→ Activity
Print exactly and only the lines that run from the one containing "The global market" through the end of the material, please, omitting pictures.

→ Data
►

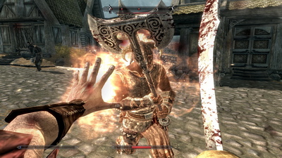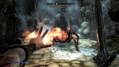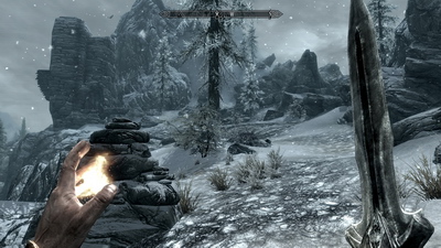 La prise en main de Skyrim n'est pas dégueulasse. L'utilisation des 2 mains (comme dans The Witcher) est très bonne dans l'ensemble, on peut choisir des favoris dans l'équipement et les pouvoirs (pour des accès rapides), et il n'y a que le menu, encore une fois très austère, qui gâche un peu le tableau (sur PC, Bethesda a un peu fâché ses joueurs au début en transposant les commandes paddle sur clavier, ce qui a vite provoquer de la confusion dans la gestion du jeu et surtout du menu... depuis ils ont corrigé le tir).
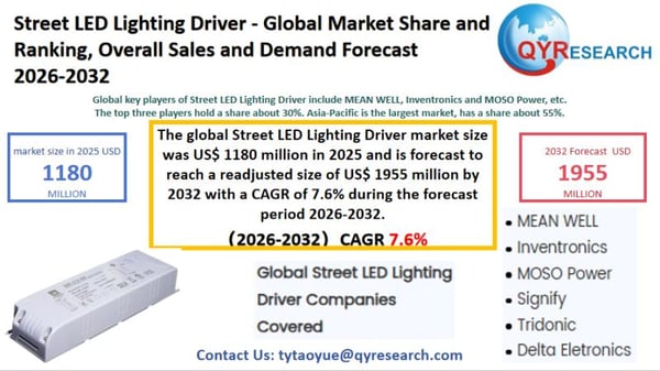 The global market for Street LED Lighting Driver was estimated to be worth US$ 1180 million in 2025 and is projected to reach US$ 1955 million, growing at a CAGR of 7.6% from 2026 to 2032.
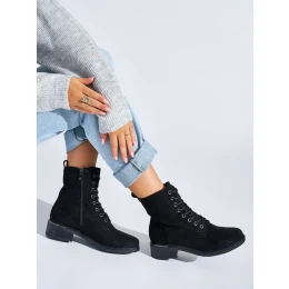 Pohodlné dámske čierne členkové topánky so širokým podpätkom
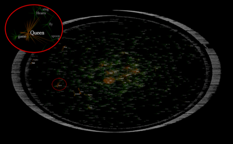 個人的な心象風景の多いデジタルの静止画の分野の中では、異色の作品であった。『不思議の国』のアリスの全文が、大きな楕円形に、可読できる最小の文字で印刷されている。その楕円の内側には使用頻度に従って文字級数の変えられた言葉が描かれている。当然主人公である「Alice」や「King」といった文字が見えるが、それらの大きさは使用された文字の場所からできるだけ等距離の場所に表示されるので、全編に渡って出現するものほど中央に表示されることになる。これは極めて知的な分析の結果をグラフィックとして定着させたもので、コンピュータを利用することによってのみ可能になった表現であり、また同時に、グラフィックとしても楽しめるものである。
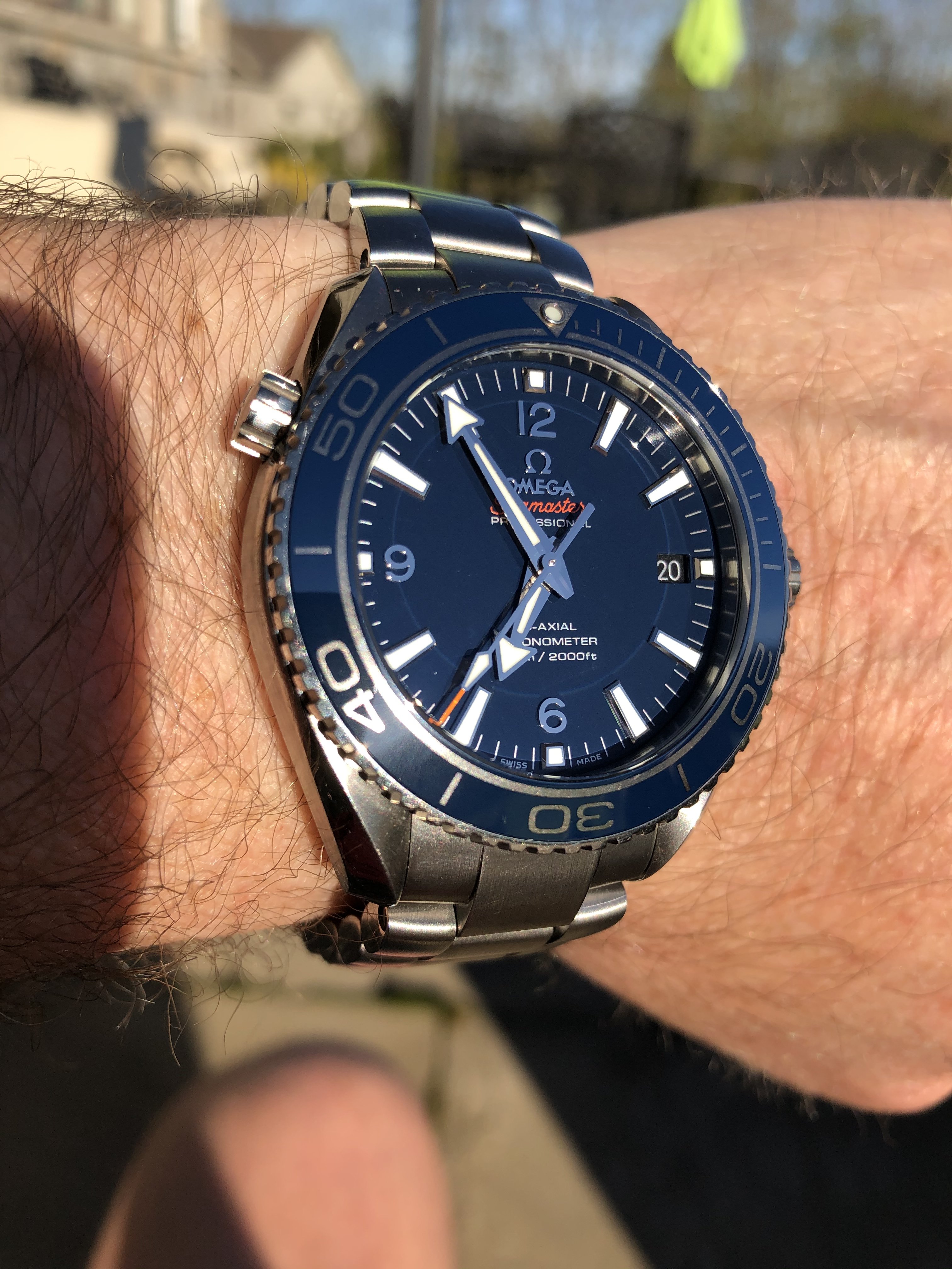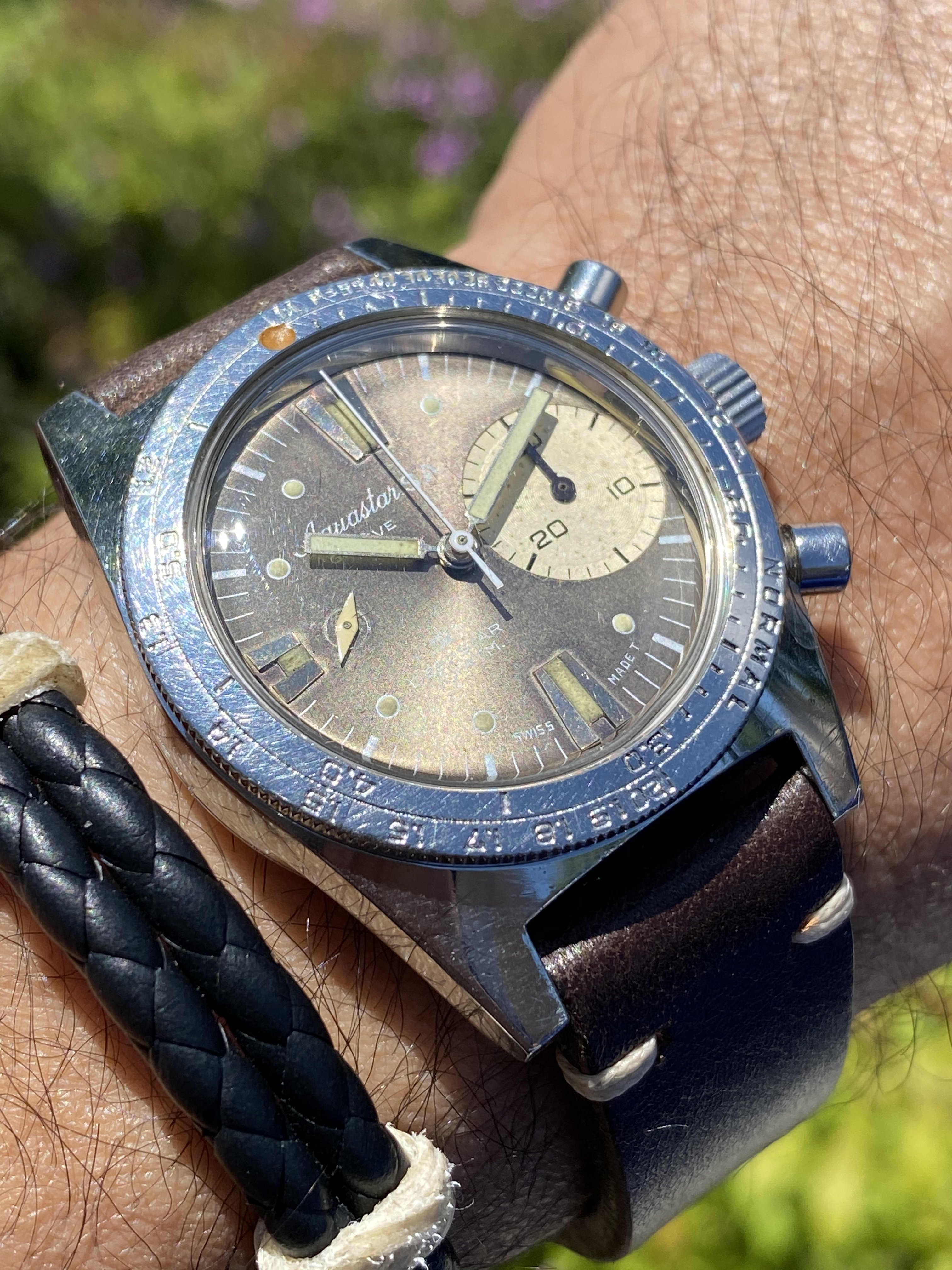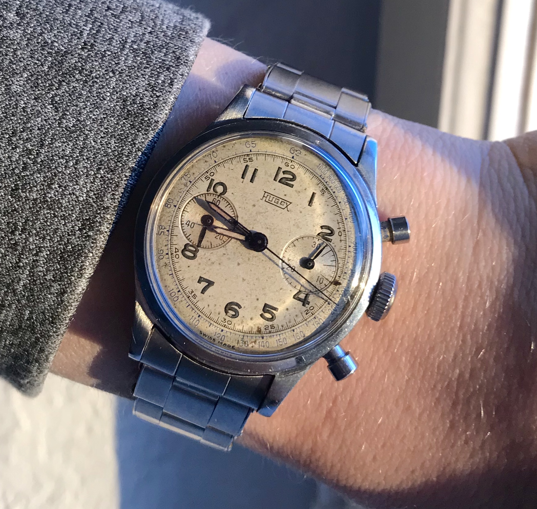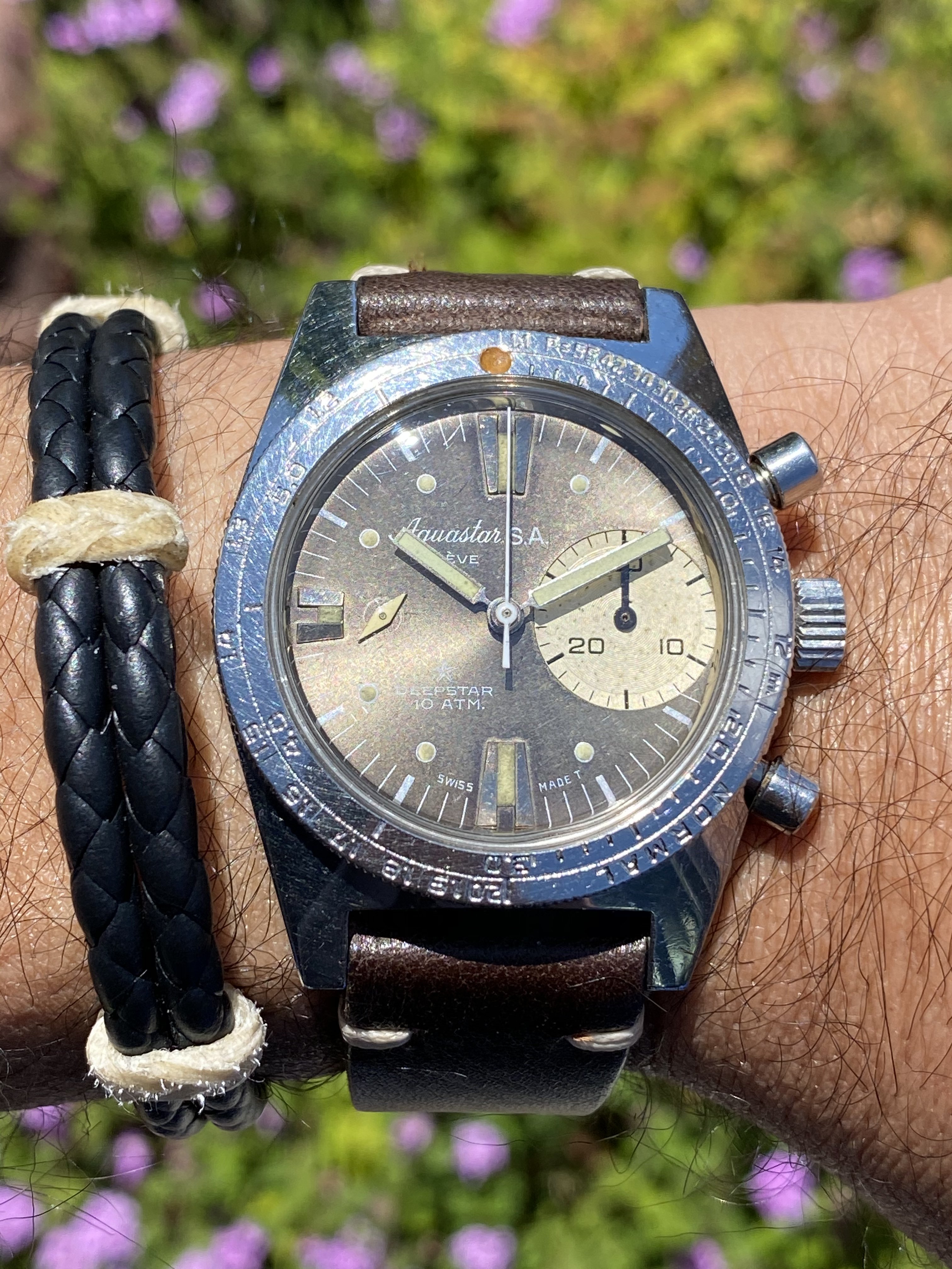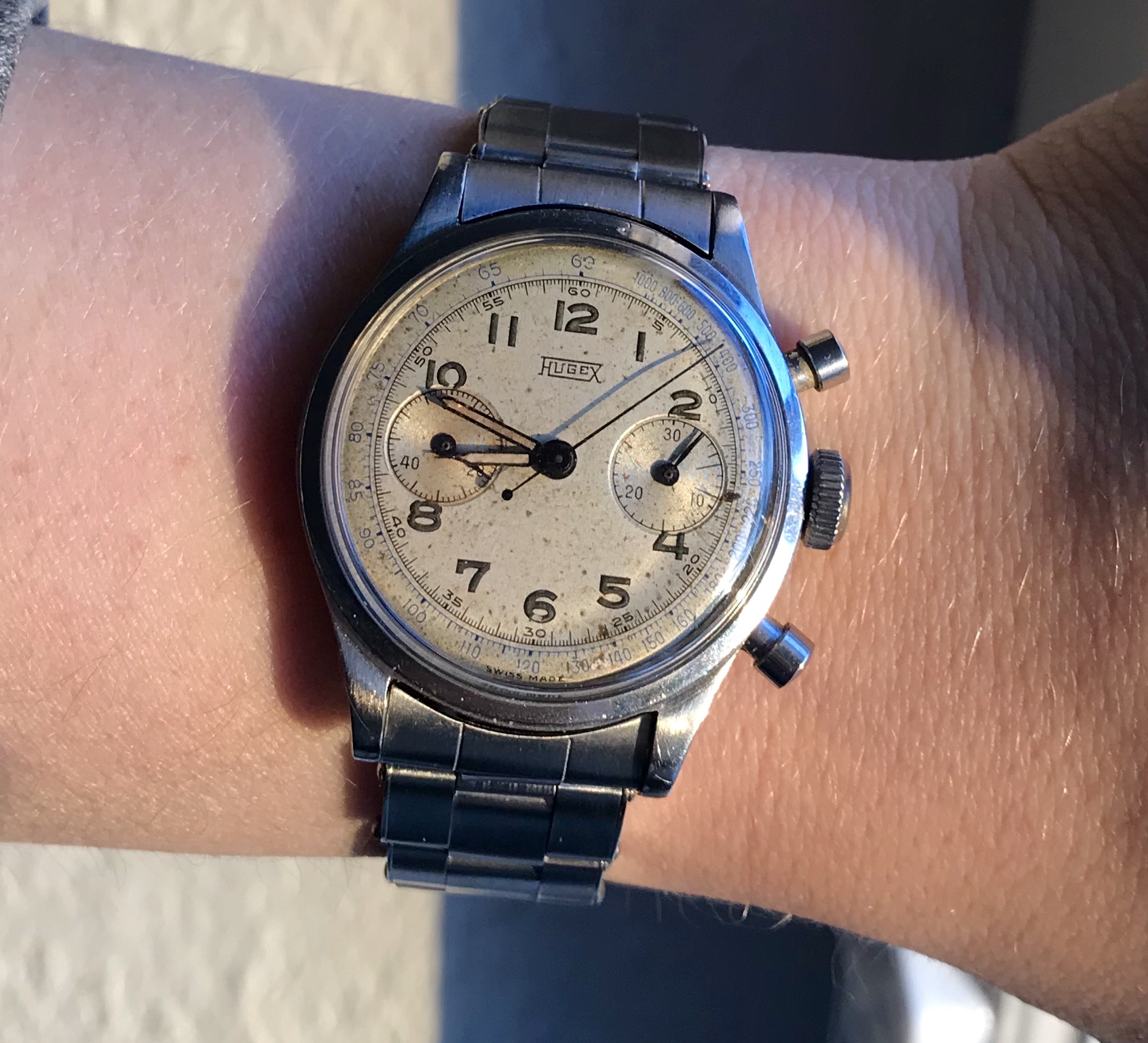 Same watch as yesterday, with a difference. In rummaging through my stash, looking for something else, what do I find but a steel bracelet with an Omega logo on the buckle! It is likely aftermarket because the buckle isn’t marked Omega anywhere else, other than on the buckle.

◄

→ Task solution
 The global market for Street LED Lighting Driver was estimated to be worth US$ 1180 million in 2025 and is projected to reach US$ 1955 million, growing at a CAGR of 7.6% from 2026 to 2032.
 Pohodlné dámske čierne členkové topánky so širokým podpätkom
 個人的な心象風景の多いデジタルの静止画の分野の中では、異色の作品であった。『不思議の国』のアリスの全文が、大きな楕円形に、可読できる最小の文字で印刷されている。その楕円の内側には使用頻度に従って文字級数の変えられた言葉が描かれている。当然主人公である「Alice」や「King」といった文字が見えるが、それらの大きさは使用された文字の場所からできるだけ等距離の場所に表示されるので、全編に渡って出現するものほど中央に表示されることになる。これは極めて知的な分析の結果をグラフィックとして定着させたもので、コンピュータを利用することによってのみ可能になった表現であり、また同時に、グラフィックとしても楽しめるものである。
 Same watch as yesterday, with a difference. In rummaging through my stash, looking for something else, what do I find but a steel bracelet with an Omega logo on the buckle! It is likely aftermarket because the buckle isn’t marked Omega anywhere else, other than on the buckle.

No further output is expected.